WARN org.eclipse.rdf4j.rio.helpers.ParseErrorLogger - [Rio error] IRI included an unencoded space: '32' (7730, -1)
org.eclipse.rdf4j.query.QueryEvaluationException: org.eclipse.rdf4j.query.QueryEvaluationException: org.eclipse.rdf4j.rio.RDFParseException: IRI included an unencoded space: '32' [line 7730]
    at org.eclipse.rdf4j.query.impl.QueueCursor.convert(QueueCursor.java:58)
    at org.eclipse.rdf4j.query.impl.QueueCursor.convert(QueueCursor.java:22)
    at org.eclipse.rdf4j.common.iteration.QueueIteration.checkException(QueueIteration.java:165)
    at org.eclipse.rdf4j.common.iteration.QueueIteration.getNextElement(QueueIteration.java:134)
    at org.eclipse.rdf4j.common.iteration.LookAheadIteration.lookAhead(LookAheadIteration.java:81)
    at org.eclipse.rdf4j.common.iteration.LookAheadIteration.hasNext(LookAheadIteration.java:49)
    at org.eclipse.rdf4j.common.iteration.IterationWrapper.hasNext(IterationWrapper.java:63)
    at eu.qanswer.mapping.mappings.informa.Refactor.main(Refactor.java:227)
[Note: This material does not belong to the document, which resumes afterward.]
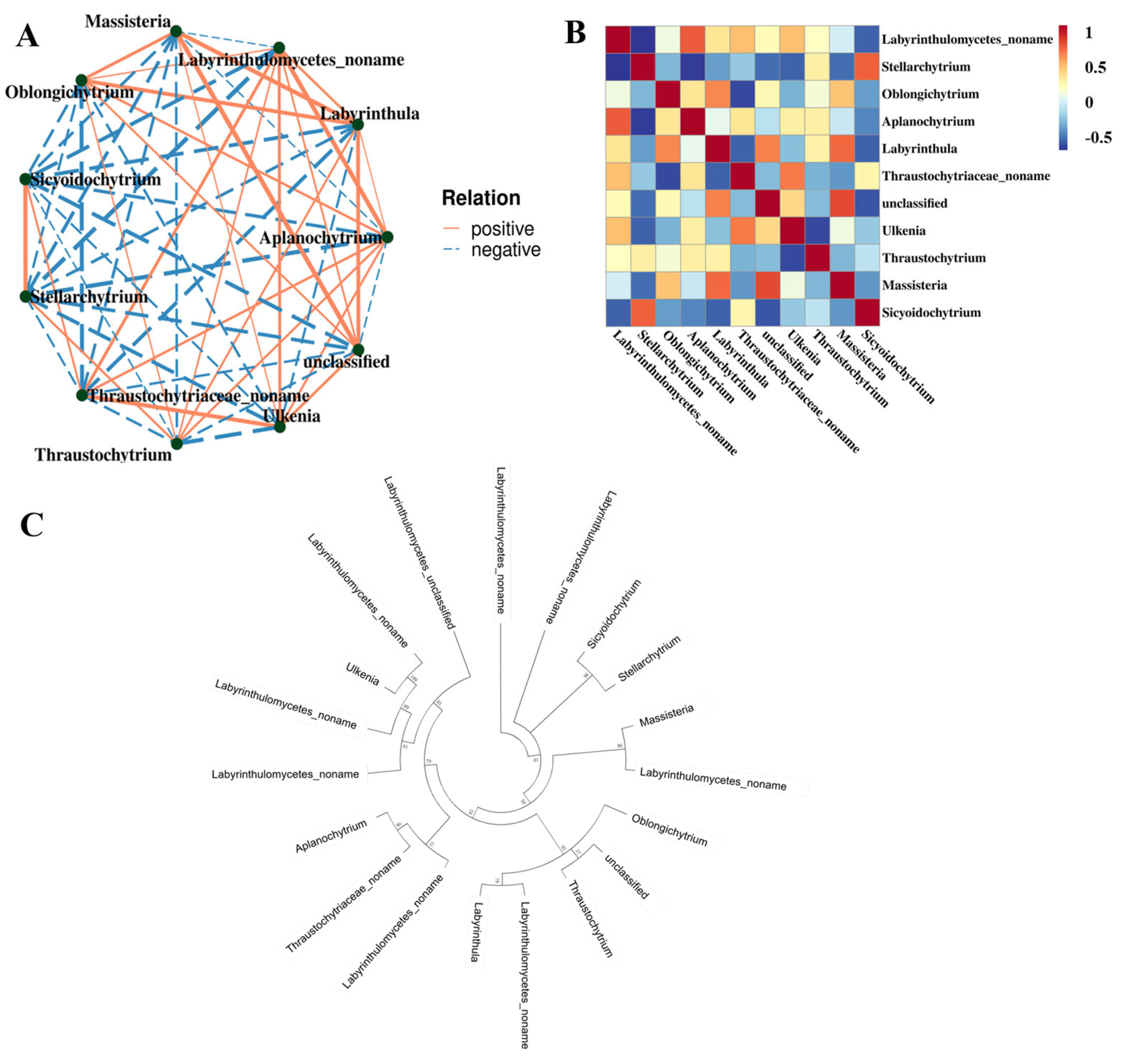 3.2. Labyrinthulomycetes Communities in Caofeidian Seagrass Beds

As far as I understand in Wikidata there are some uris that are not encoded correctly, i.e. a space is there. So the rdf4j parser complains. Is there a way to configure the parser in a less strict way?

Thank you D063520

Stanislav Kralin
  • 11,070
  • 4
  • 35
  • 58
D063520
  • 113
  • 6
  • honestly, I doubt your query will return anything but lead to a timeout. `OPTIONAL` is a left-join, thus, not commutative. The order matters. The `OPTIONAL` should come after the triple pattern. Compare yours to [this](https://w.wiki/FuH) - I also tried with Jena and it works without a parser error. – UninformedUser Jan 21 '20 at 11:46
  • Why you say it times out? Even the link you pasted does not time out but returns a result ? – D063520 Jan 21 '20 at 12:07
  • Well, yes - but the link I posted has `OPTIONAL` **after** the triple pattern ... you can try the same with your query in the web UI. I bet you'll get a timeout – UninformedUser Jan 21 '20 at 12:11
  • 1
    You were right, the problem is that he stream the first results he gets and then he sends some error message (timeout) which makes the parser break. Thank you! – D063520 Jan 21 '20 at 12:33

1 Answers1

1

As you discovered, the problem here is that your query times out at the server end. The error message you get from RDF4J is confusing, but the cause is that the server endpoint does not correctly communicate that there is a problem: it just creates a 200 HTTP response (so RDF4J thinks everything is OK and starts processing the response body). Halfway through the server suddenly throws an error into the response body, which then makes the RDF4J parser throw this error.

Jeen Broekstra
  • 21,642
  • 4
  • 51
  • 73